In the latest chapter of his storied, up-and-down career, Ian Bruce Eichner is once again verging on losing control of his signature development project of the market cycle.
Eichner, who has notoriously gone bust in each of the past three decades but bounces back each time, is now battling with his joint-venture partners Fortress Investment Group and Dune Real Estate Partners over financing at his glassy Flatiron District condominium tower at 45 East 22nd Street.
The head of the Continuum Company is accusing Fortress and Dune of stymying his efforts to refinance the struggling project in an effort to protect their returns, thus edging him toward default and putting him on the hook for personal guarantees, according to a lawsuit Eichner filed in Manhattan Supreme Court Wednesday.
Eichner claims the partners will declare a default under their JV agreement if he can’t secure temporary certificates of occupancy for two units in the 83-unit project by March 31 – effectively cutting him out of the day-to-day operation of the development. But Eichner says they’re actively working to prevent him from obtaining the TCOs, both by refusing to release funds necessary for construction work and blocking the developer from purchasing one unit himself, which he offered to buy for $19.5 million.
“The only explanation for [Fortress and Dune’s] course of action is [their] desire to take over so that [they] can sell of the remaining units at a deep discount sufficient only to recoup [their] own investment plus preferred interest,” Eichner’s attorneys wrote in court papers.
Eichner declined to comment. Representatives for Fortress and Dune could not be immediately reached.
The condo project, like many across the city, is struggling to move units amid a slow sales market. Eichner claims that more than 70 percent of the units are sold, but when the $343 million construction loan Goldman Sachs provided for the project came due last fall, the partners had to seek additional financing to complete construction.
Eichner said he secured a signed term sheet from JPMorgan Chase in late January for a $160 million inventory loan, but the financing left a $20 million shortfall that would be have to be made up by Fortress and Dune’s payoff and a discount on their debt.
The developer said the partners had previously reached a conceptual agreement to these concessions, but claims Fortress and Dune instead rejected the proposal and started delaying the project.

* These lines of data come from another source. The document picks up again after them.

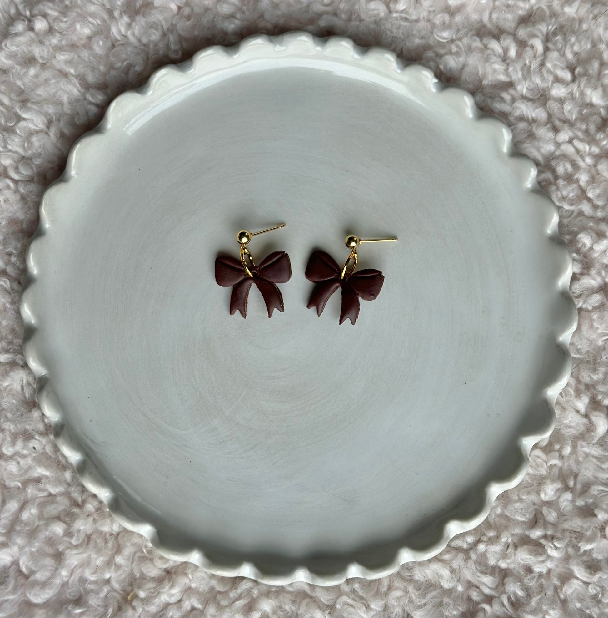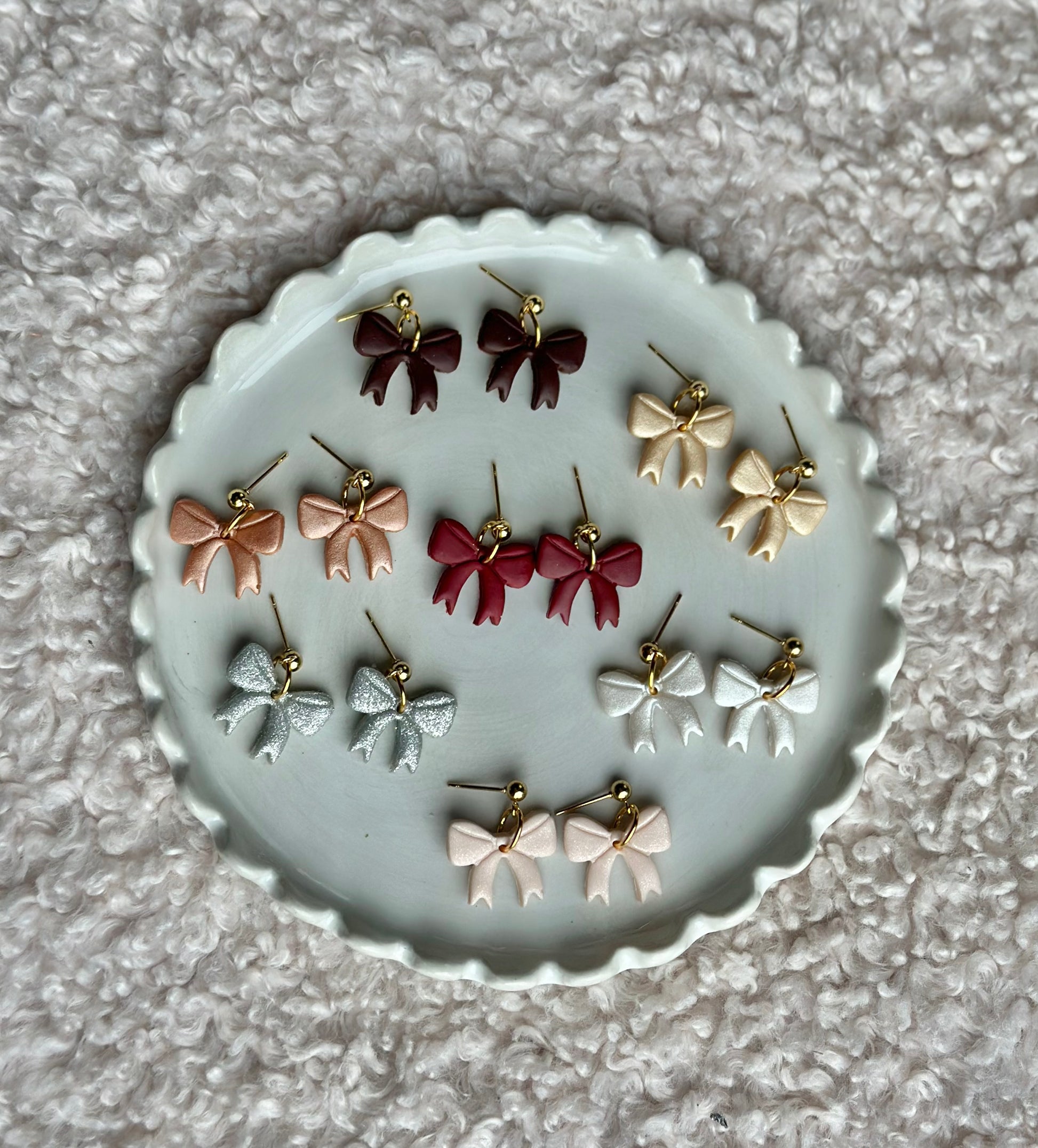 materials: lightweight polymer clay, stainless steel/nickel free and gold plated earring posts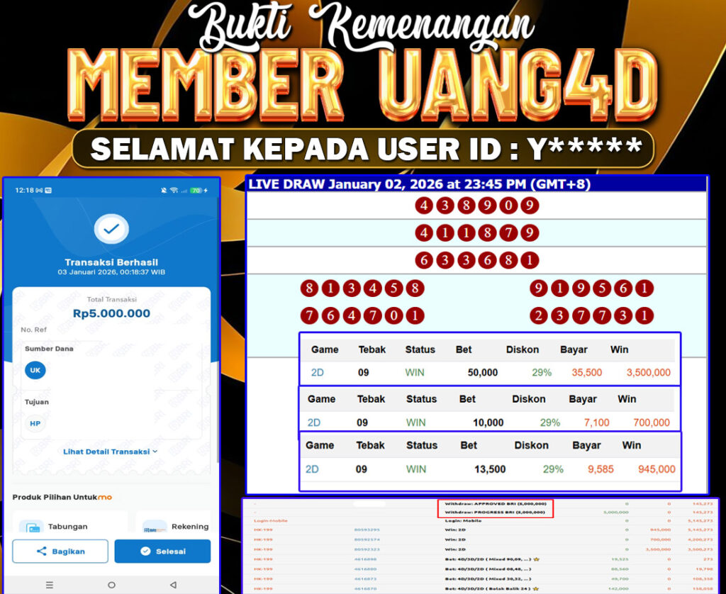 Setiap hari, member UANG4D berhasil meraih jackpot besar dari berbagai provider togel ternama yang kami sediakan, seperti Sydney, Singapore, Hongkong dan masih banyak lagi. Kami secara rutin menampilkan bukti screenshot atau rekapan kemenangan yang berhasil diraih, mulai dari kemenangan ratusan ribu hingga puluhan juta rupiah. Semua slip kemenangan ini kami hadirkan untuk membuktikan bahwa di UANG4D, peluang menang itu nyata.
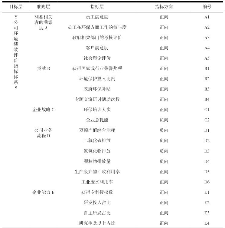 根据 2013 年颁布的《环境管理环境绩效评价指南》中建立的指标库,参照已有研究成果,根据 Y 烟叶特点以及环境绩效棱柱模型的五大维度选取指标,分别是:利益相关者的满意、贡献、企业战略、业务流程和企业能力;[2]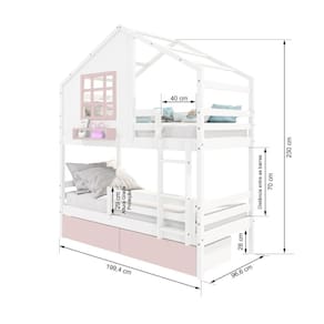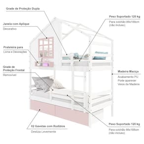 Diferenciais: Escada Fixa, 02 Gavetas, Grade de Proteção Removivel, Casinha com fechamento em MDF, Janela e Prateleira para Livros e Decoração, Montagem Reversível (Lado Direito ou Lado Esquerdo)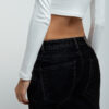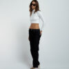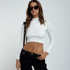 Crop top slim fit con cuello perkins, manga larga ranglán.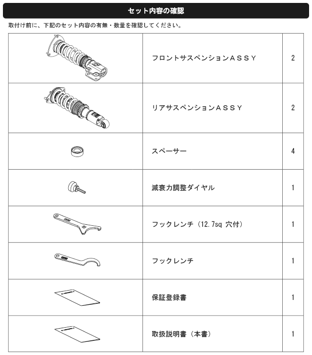 なお、出荷時車高から極端に車高を下げて使用することによるダンパーオイル漏れ等の不具合に関しても保証対象外となりますので、御注意ください。)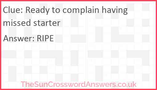 Ready to complain having missed starter is a crossword clue for which we have 1 possible answer and we have spotted 2 times in our database. This crossword clue was last seen on 12 June 2022 in The Sun Cryptic Crossword puzzle!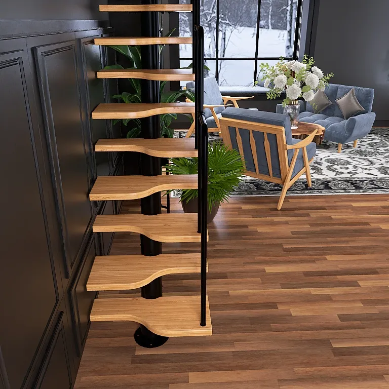 Лестница PROSTO MONO прекрасно подходит для интерьеров с минималистичным дизайном, дизайном в стиле лофт или хайтек. Основой лестницы служит цельносварной центральный косоур, который обеспечивает надёжную прочность конструкции и "парящий" дизайн, лестница с таким каркасом в интерьере смотрится легко и воздушно.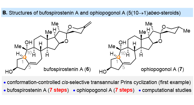 近日,上海有機所桂敬漢課題組與浙江大學洪鑫課題組合作,利用自由基碎裂反應和跨環(huán)Prins環(huán)合反應完成了天然產(chǎn)物bufospirostenin A和ophiopogonol A的合成,總計7步反應,相關...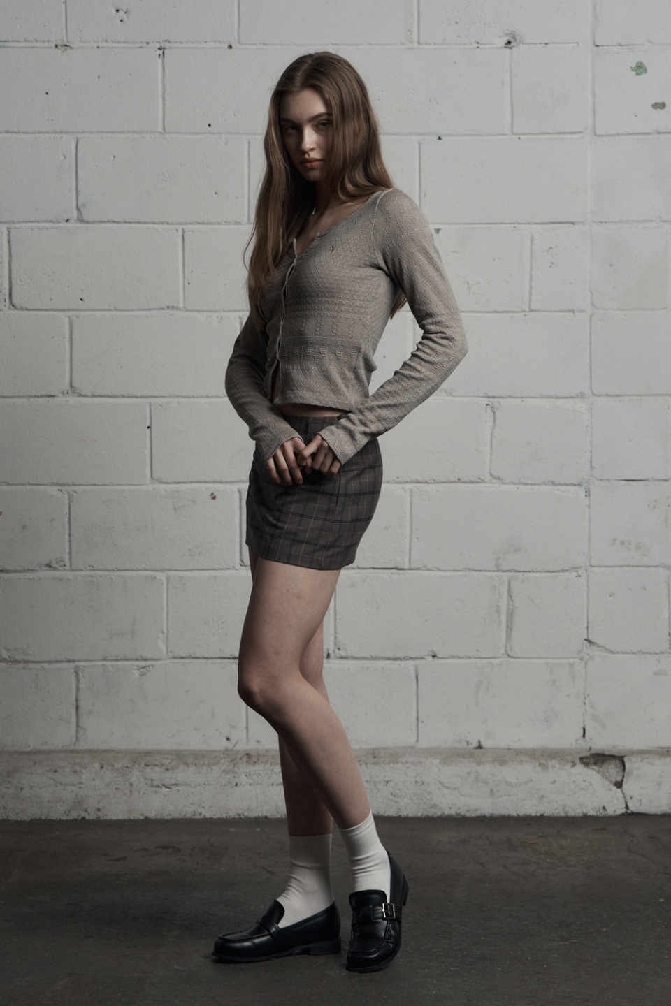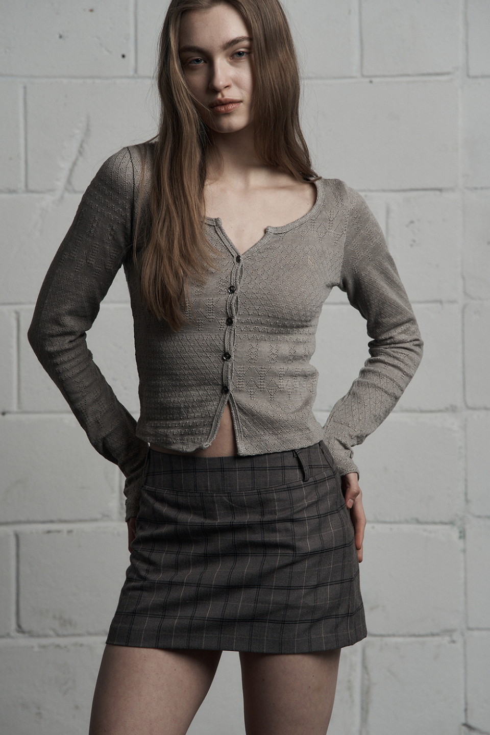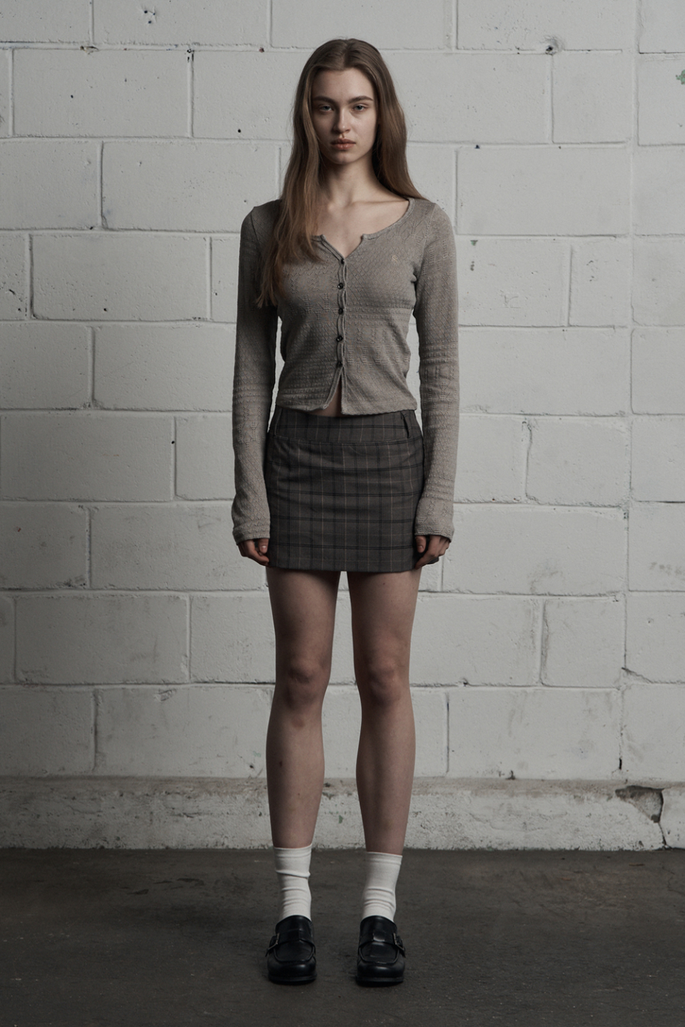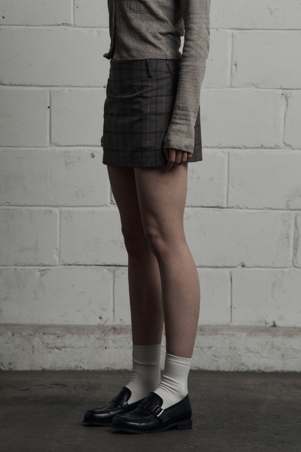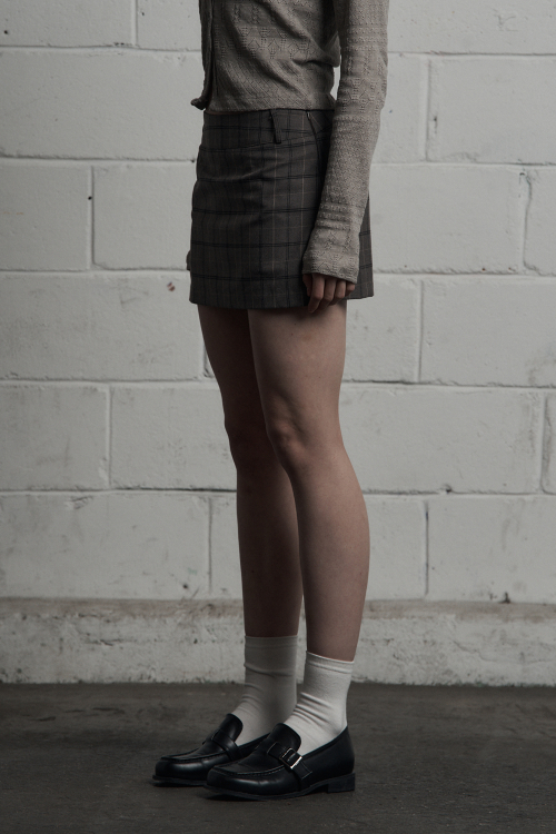 - 클래식한 무드의 체크 미니스커트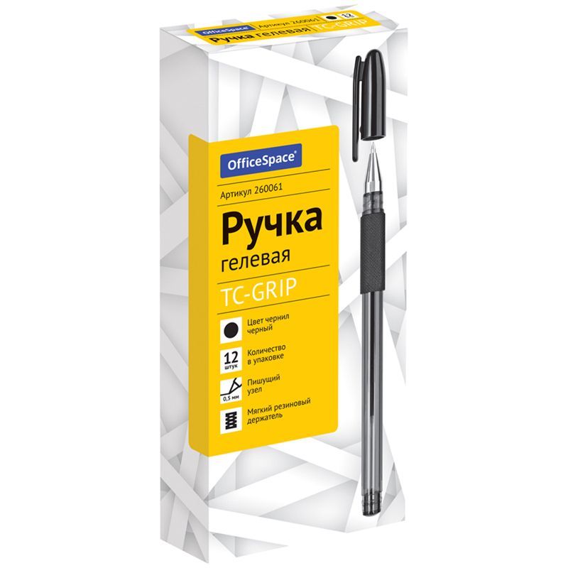 Ручка гелевая OfficeSpace «TC-Grip» черная, 0,5мм, грип 260061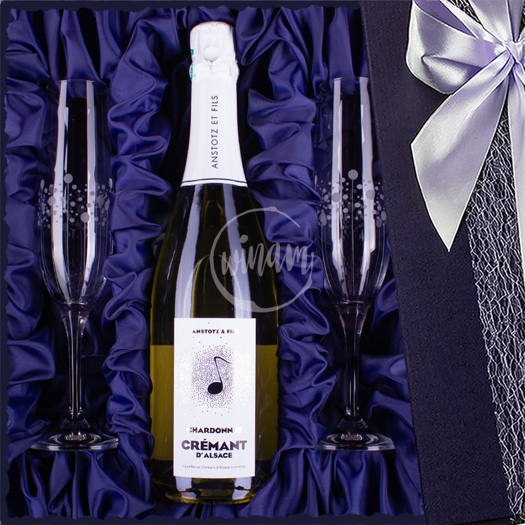 Alsaský Crémant z vinařství Domaine Anstotz et Fils, vyrobený z odrůdy Chardonnay. Byl vyroben tradiční šampaňskou metodou druhotného kvašení v láhvi. Ve vůni převažují tóny briošek, broskví a květů pomerančovníku. Chuťové buňky ovládnou jemné bublinky a příjemná svěžest s tóny nektarinek a červených grepů. Závěr je dlouhý, ovocný. Hodí se k sofistikovaným pokrmům z ryb, specialit z drůbežího masa nebo také k dezertům, ovocným koláčům nebo ke zmrzlině. Dokonale ladí také se šneky z listového těsta, se sýrem a bylinkami.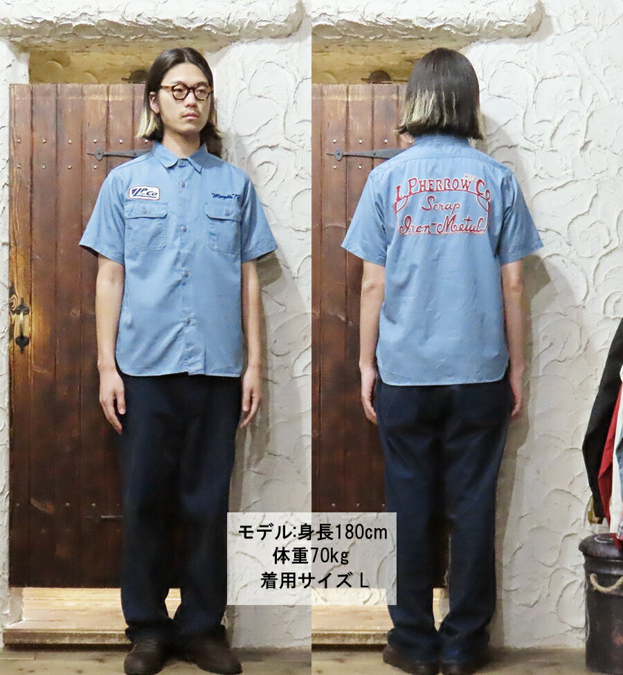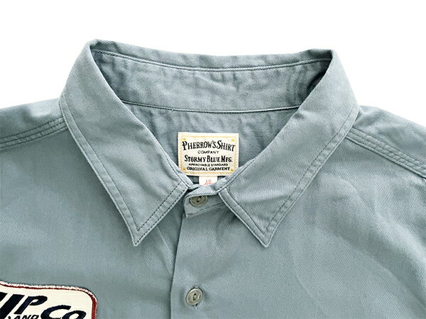 フェローズ Pherrow's カスタム ワークシャツ 25S-PCWS1-E 半袖 架空シリーズ チェーン刺繍 ワッペン コットン ツイル ロゴ ユニフォーム ヴィンテージ アメカジ メンズ 日本製 2025年 春夏 新作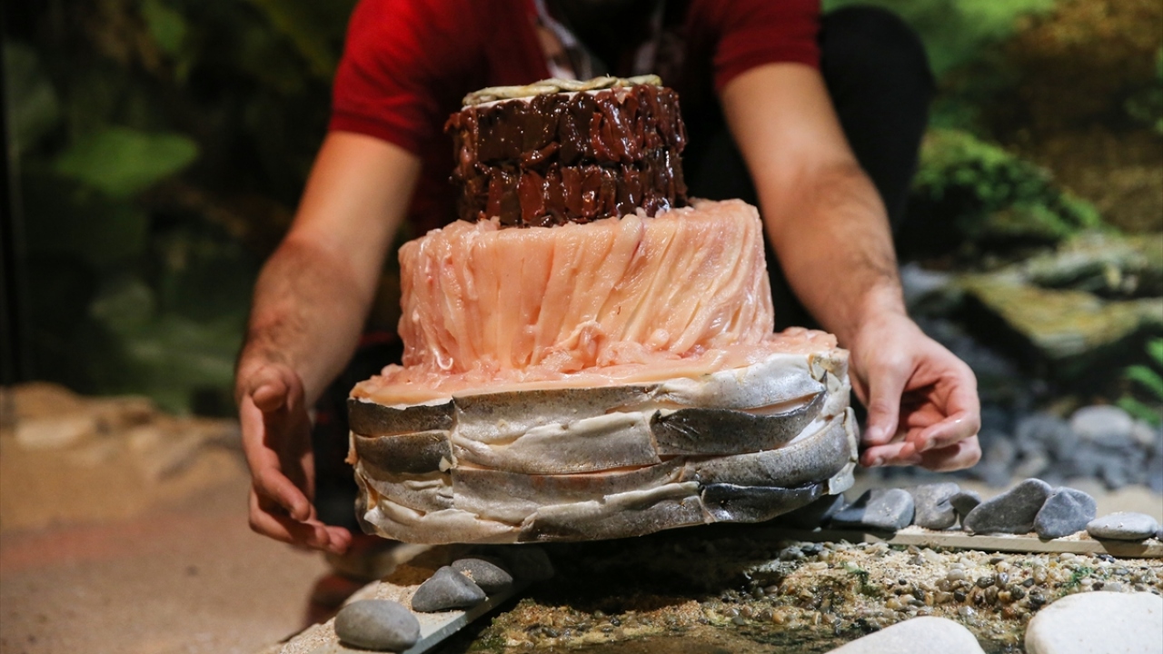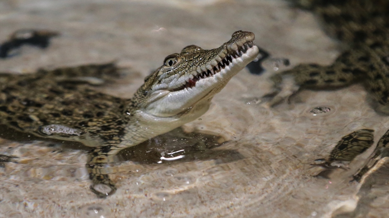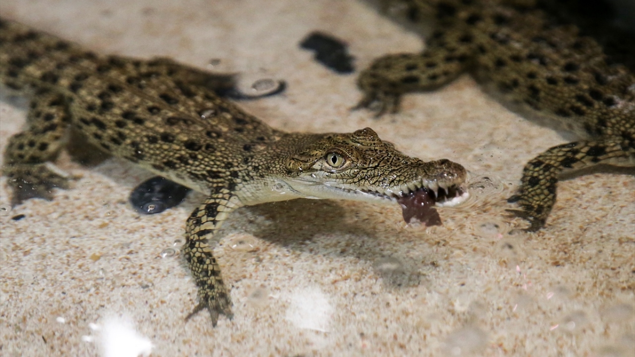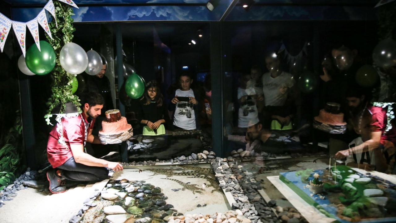 Yavru timsahlara, kendileri için özel olarak balıktan hazırlanan doğum günü pastası yem olarak verildi.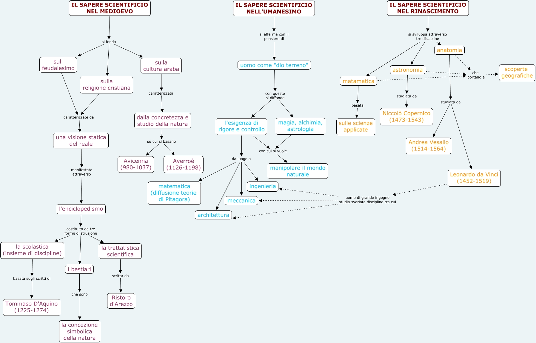 Questa Cmap, creata con IHMC CmapTools, contiene informazioni relative a: Serafin_saperiscientifici, l'esigenza di rigore e controllo da luogo a matematica (diffusione teorie di Pitagora), uomo come "dio terreno" con questo si diffonde l'esigenza di rigore e controllo, una visione statica del reale manifestata attraverso l'enciclopedismo, l'esigenza di rigore e controllo da luogo a meccanica, i bestiari che sono la concezione simbolica della natura, IL SAPERE SCIENTIFICIO NEL MEDIOEVO si fonda sulla cultura araba, IL SAPERE SCIENTIFICIO NELL'UMANESIMO si afferma con il pensiero di uomo come "dio terreno", magia, alchimia, astrologia con cui si vuole manipolare il mondo naturale, l'esigenza di rigore e controllo con cui si vuole manipolare il mondo naturale, l'esigenza di rigore e controllo da luogo a ingenieria, astronomia che portano a scoperte geografiche, anatomia studiata da Leonardo da Vinci (1452-1519), uomo come "dio terreno" con questo si diffonde magia, alchimia, astrologia, sul feudalesimo caratterizzate da una visione statica del reale, la trattatistica scientifica scritta da Ristoro d'Arezzo, l'enciclopedismo costituito da tre forme d'istruzione la trattatistica scientifica, la scolastica (insieme di discipline) basata sugli scritti di Tommaso D'Aquino (1225-1274), l'enciclopedismo costituito da tre forme d'istruzione i bestiari, l'enciclopedismo costituito da tre forme d'istruzione la scolastica (insieme di discipline), IL SAPERE SCIENTIFICIO NEL RINASCIMENTO si sviluppa attraverso tre discipline astronomia

Meanwhile, Eichner claims he was working on a separate deal with Fortress provide financing for the 1 million-square-foot mixed-use development he’s planning in Crown Heights with Lincoln Equities. Eichner said that in order to secure the financing, Fortress strong armed him into moving a $10 million deposit he had set aside as part of the 45 East 22nd Street project into a Fotress-controlled account.
“Eichner, facing untenable pressure on the Crown Heights deal, had no choice but to agree to the terms,” his attorneys wrote.
Now, Eichner says, his JV partners are threatening to abandon the Flatiron project.
Fortress and Dune, his attorneys wrote, have “telegraphed that [they] will proceed to destroy all the remaining equity in the project, destroying the value of the [joint venture] and completely depriving [Eichner] of the value of [his] $61 million investment.”
Eichner is suing for preliminary and permanent injunctive relief, plus no less than $20 million in compensatory damages and $60 million in punitive damages.
It’s the latest twist in the developer’s long and storied career, which saw him surrender his CitySpire tower and and office building at 1540 Broadway in Midtown in the early 1990s, as well as his $3 billion Cosmopolitan Resort Casino Las Vegas casino in 2008.
After his exile to the desert, Eichner returned to New York City in 2010 and the next year started stitching together a complicated assemblage to build the Flatiron project.
In 2016 he lost control of a large development site in East Harlem at 1800 Park Avenue he had purchased in 2013 for $66 million. The Durst Organization bought the property for $90.95 million after it purchased debt on the property that Eichner had defaulted on.